Local defense attorney Stuart Brown had a secret life before landing in the halls of Hamilton County’s criminal courts.

At one time, Mr. Brown was an investment banker on Wall Street. He used to be a senior attorney for the Securities and Exchange Commission in Washington, D.C. Some years after that he owned 12 nursing homes in Florida. And then there was the time somewhere in between when he was the CEO of an oil and gas company.

Few can claim to have followed a more unconventional route to Chattanooga’s criminal defense world. But Mr. Brown, who got into the profession only in retirement, said the move has been rewarding, despite having long ago earned his reputation as businessman and corporate lawyer.
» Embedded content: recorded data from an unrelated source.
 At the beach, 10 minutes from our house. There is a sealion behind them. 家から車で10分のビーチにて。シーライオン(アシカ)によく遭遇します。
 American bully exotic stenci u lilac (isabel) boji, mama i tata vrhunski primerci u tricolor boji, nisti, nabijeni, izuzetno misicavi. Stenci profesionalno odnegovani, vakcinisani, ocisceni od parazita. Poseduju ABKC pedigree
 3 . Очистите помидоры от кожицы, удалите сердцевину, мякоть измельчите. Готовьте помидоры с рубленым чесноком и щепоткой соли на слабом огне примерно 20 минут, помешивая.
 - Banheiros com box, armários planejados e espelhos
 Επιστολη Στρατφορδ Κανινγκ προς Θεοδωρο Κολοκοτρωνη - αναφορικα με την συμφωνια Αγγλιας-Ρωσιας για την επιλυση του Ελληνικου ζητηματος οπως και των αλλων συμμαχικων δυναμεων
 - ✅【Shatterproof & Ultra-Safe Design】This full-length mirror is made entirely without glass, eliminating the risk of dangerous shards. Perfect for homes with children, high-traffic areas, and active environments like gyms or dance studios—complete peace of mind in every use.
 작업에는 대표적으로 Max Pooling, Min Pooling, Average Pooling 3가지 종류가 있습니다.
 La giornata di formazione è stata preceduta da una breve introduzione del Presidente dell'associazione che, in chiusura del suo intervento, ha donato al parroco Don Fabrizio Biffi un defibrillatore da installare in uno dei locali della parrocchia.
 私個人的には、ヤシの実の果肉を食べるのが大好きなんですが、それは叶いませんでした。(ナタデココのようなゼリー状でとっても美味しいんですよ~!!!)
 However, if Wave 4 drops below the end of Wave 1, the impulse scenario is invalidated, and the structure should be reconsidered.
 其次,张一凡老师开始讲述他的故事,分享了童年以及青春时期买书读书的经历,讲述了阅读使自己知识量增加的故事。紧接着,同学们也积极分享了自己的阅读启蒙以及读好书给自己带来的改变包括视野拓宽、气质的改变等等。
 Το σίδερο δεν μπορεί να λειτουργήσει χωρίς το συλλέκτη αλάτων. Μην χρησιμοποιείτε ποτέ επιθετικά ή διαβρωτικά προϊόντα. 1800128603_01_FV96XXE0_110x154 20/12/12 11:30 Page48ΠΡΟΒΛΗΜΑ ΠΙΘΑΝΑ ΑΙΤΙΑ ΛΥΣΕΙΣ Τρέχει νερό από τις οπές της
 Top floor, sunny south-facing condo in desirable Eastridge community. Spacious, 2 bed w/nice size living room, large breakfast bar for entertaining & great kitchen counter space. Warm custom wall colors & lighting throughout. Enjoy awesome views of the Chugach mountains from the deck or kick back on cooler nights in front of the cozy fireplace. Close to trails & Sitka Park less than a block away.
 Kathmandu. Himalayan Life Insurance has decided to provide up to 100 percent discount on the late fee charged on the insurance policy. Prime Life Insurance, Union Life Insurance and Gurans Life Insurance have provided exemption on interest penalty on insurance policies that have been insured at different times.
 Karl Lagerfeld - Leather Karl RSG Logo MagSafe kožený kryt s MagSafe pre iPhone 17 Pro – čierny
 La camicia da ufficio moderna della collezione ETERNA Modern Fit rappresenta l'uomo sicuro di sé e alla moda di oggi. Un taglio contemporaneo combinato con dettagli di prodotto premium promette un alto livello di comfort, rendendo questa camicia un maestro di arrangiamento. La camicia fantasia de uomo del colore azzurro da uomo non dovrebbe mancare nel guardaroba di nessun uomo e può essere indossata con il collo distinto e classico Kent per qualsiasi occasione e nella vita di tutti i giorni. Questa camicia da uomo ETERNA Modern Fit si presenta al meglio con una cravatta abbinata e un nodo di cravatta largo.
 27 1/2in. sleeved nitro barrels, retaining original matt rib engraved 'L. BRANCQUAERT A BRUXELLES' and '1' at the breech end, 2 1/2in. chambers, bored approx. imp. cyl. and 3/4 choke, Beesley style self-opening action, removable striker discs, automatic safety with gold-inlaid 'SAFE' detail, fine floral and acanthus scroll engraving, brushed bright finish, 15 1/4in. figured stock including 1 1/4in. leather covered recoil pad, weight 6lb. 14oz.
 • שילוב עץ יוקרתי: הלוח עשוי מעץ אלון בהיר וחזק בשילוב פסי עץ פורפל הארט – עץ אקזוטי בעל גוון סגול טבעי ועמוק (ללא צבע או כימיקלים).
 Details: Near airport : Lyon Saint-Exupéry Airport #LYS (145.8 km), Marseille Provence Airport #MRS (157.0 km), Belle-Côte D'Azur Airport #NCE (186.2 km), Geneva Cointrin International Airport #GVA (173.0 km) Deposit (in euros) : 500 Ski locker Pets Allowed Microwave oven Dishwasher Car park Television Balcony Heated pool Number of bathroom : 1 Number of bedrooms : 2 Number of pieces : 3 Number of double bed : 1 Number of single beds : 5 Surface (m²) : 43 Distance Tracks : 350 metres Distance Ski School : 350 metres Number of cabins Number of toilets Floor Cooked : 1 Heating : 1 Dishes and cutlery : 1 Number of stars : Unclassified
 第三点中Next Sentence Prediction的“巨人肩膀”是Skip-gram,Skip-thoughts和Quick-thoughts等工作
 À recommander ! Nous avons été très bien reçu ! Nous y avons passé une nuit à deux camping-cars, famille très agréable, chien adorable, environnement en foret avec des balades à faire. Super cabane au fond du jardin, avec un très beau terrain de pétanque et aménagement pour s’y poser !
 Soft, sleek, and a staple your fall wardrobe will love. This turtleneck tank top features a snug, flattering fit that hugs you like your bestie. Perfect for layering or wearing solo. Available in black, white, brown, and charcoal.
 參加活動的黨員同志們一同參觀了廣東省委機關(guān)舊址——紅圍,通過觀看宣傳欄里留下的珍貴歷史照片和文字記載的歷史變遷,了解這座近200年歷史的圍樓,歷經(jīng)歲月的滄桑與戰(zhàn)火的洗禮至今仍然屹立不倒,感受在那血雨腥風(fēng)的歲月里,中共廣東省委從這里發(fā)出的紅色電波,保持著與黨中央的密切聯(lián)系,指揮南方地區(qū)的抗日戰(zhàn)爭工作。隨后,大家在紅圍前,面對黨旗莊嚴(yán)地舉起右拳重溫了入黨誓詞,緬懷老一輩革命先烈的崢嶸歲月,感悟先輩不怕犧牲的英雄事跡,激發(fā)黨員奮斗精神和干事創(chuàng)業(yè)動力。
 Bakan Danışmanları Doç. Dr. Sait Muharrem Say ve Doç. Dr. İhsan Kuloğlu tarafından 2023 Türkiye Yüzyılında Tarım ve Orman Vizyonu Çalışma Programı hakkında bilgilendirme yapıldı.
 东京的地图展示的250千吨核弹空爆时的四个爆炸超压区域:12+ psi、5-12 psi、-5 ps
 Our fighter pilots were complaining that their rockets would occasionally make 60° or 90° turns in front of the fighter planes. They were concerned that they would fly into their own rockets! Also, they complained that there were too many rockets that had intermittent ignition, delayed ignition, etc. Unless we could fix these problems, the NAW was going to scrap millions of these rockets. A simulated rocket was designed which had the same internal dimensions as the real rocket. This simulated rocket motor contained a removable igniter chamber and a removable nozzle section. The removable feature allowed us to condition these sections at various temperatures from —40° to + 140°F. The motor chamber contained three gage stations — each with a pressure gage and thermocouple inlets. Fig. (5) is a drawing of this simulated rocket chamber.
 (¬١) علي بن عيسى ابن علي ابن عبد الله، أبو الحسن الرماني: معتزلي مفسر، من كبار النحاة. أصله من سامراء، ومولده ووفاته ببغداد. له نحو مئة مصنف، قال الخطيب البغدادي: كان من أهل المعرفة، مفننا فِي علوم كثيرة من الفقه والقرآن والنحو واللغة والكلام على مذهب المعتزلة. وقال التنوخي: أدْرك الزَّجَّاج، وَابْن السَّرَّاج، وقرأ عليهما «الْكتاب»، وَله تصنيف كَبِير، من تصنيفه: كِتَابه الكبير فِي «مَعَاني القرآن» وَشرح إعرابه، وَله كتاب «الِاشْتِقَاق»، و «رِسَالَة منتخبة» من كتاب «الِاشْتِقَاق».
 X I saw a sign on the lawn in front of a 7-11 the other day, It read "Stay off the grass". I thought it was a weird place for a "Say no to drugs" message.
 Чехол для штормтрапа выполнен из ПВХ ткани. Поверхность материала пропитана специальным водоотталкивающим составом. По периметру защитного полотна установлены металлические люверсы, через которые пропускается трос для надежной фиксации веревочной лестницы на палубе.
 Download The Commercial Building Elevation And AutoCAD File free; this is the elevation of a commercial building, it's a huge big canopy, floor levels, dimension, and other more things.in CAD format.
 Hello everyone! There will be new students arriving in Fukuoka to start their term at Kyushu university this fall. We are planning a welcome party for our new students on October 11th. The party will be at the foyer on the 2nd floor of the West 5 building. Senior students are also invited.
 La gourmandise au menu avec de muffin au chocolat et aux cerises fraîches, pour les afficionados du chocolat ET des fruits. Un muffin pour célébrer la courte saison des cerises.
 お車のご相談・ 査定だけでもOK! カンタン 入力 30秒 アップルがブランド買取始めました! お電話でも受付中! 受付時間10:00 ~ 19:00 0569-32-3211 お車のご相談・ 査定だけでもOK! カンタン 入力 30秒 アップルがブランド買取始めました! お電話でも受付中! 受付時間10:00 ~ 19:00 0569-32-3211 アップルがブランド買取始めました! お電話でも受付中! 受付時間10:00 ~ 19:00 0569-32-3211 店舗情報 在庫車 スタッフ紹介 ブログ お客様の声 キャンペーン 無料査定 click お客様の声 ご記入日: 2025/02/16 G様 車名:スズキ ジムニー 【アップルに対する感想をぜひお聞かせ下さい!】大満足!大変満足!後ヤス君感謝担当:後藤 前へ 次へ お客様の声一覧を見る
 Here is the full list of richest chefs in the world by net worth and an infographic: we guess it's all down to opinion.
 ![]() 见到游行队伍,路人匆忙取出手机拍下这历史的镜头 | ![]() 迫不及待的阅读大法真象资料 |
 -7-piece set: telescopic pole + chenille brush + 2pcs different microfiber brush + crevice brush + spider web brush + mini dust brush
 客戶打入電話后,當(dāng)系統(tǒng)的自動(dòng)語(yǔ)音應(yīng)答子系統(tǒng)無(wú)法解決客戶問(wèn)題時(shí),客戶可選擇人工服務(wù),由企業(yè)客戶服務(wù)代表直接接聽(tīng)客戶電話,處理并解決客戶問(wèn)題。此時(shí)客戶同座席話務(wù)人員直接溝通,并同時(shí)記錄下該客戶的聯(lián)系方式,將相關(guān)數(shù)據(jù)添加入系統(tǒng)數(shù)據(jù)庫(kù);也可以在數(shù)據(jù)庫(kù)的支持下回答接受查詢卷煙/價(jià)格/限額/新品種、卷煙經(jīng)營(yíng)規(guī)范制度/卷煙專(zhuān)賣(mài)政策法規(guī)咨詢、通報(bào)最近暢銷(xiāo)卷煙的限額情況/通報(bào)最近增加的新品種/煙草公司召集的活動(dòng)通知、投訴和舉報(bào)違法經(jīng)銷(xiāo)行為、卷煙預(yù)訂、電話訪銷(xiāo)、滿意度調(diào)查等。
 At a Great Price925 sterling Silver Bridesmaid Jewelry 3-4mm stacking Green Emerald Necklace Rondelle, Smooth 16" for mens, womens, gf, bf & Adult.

“This is my favorite job so far,” Mr. Brown recently said of his gig defending people charged with everything from DUI to robbery. “Most of the positions I had before this involved so much paper. This one involves people. And I like people better than I like paper.”

At 66, Mr. Brown walks with a determined gait, has an ample smile, and tends to start conversations in his native-Louisiana accent by declaring a person’s first name. The glass should never be half empty or half full, he says — it should just be bigger.

What Mr. Brown has done is unusual, said veteran Chattanooga defense lawyer Mike Caputo, who noted how challenging it can be to attract clients in the criminal defense world.

“Most of the people at the (criminal) courthouse started in private practice or in the district attorney’s office. They’ve grown up (in this environment),” Mr. Caputo said. “Stuart is definitely interesting. He brings something different to the table.”

The least of it may be his undergraduate degree from Tulane University, his law degree from the University of Texas at Austin, an MBA from the University of California, Berkeley and a “master’s in taxation” from Georgetown University. Not one to go in unprepared, Mr. Brown took courses in trial preparation at Mercer University before beginning his practice here in 2000.

“He’s got more degrees than Carter’s got liver pills,” joked his high school friend and Chattanooga resident Earl Hereford. “It was evident early on that he had a lot of drive and determination.”

Mr. Brown said he didn’t know what to do after Berkeley, even though he already had a law degree. On advice from a mentor, he moved to New York to work on Wall Street on the bet that honing his business skills would make him an asset in the legal world.

“You can’t be a lawyer without having some common sense, some ability to negotiate a deal,” Mr. Brown said. “They don’t teach you that in law school.”

He soon would land at the Securities and Exchange Commission in the 1970s as a senior attorney, evaluating companies that wanted to go public.

As the CEO in the early ’80s of the small oil and gas company Clements Energy Inc., in Oklahoma, he decided to sell it off for $25 million “right before the bottom fell out of the oil industry.”

“People thought I was smart. I wasn’t smart. I was just lucky,” Mr. Brown said.

The move did, however, prove he could make good business decisions, which Mr. Brown said was instrumental in landing him another job in the early ’90s as vice president of the nursing home company Life Care Centers of America. When 12 nursing homes came up for sale in Florida that did not fit the company’s business model, he and a partner decided to go solo and buy them for $39 million, he said.

That was a risk, Mr. Brown said, because he already knew the nursing home business to be “high-volume nickel and dime.” He sold the nursing homes four years later for $42 million.

As a veteran investor in the current shaky financial crisis — and over the course of his hodge-podge career when he has, on occasion, hedged his bets and lost — Mr. Brown said the key to almost anything in life is being able to “recognize the down side” and “follow your gut.”

“When you go into an investment and think you’re going to make a lot of money, I hope you do,” he said with his trademark optimism. “You can also lose a lot.”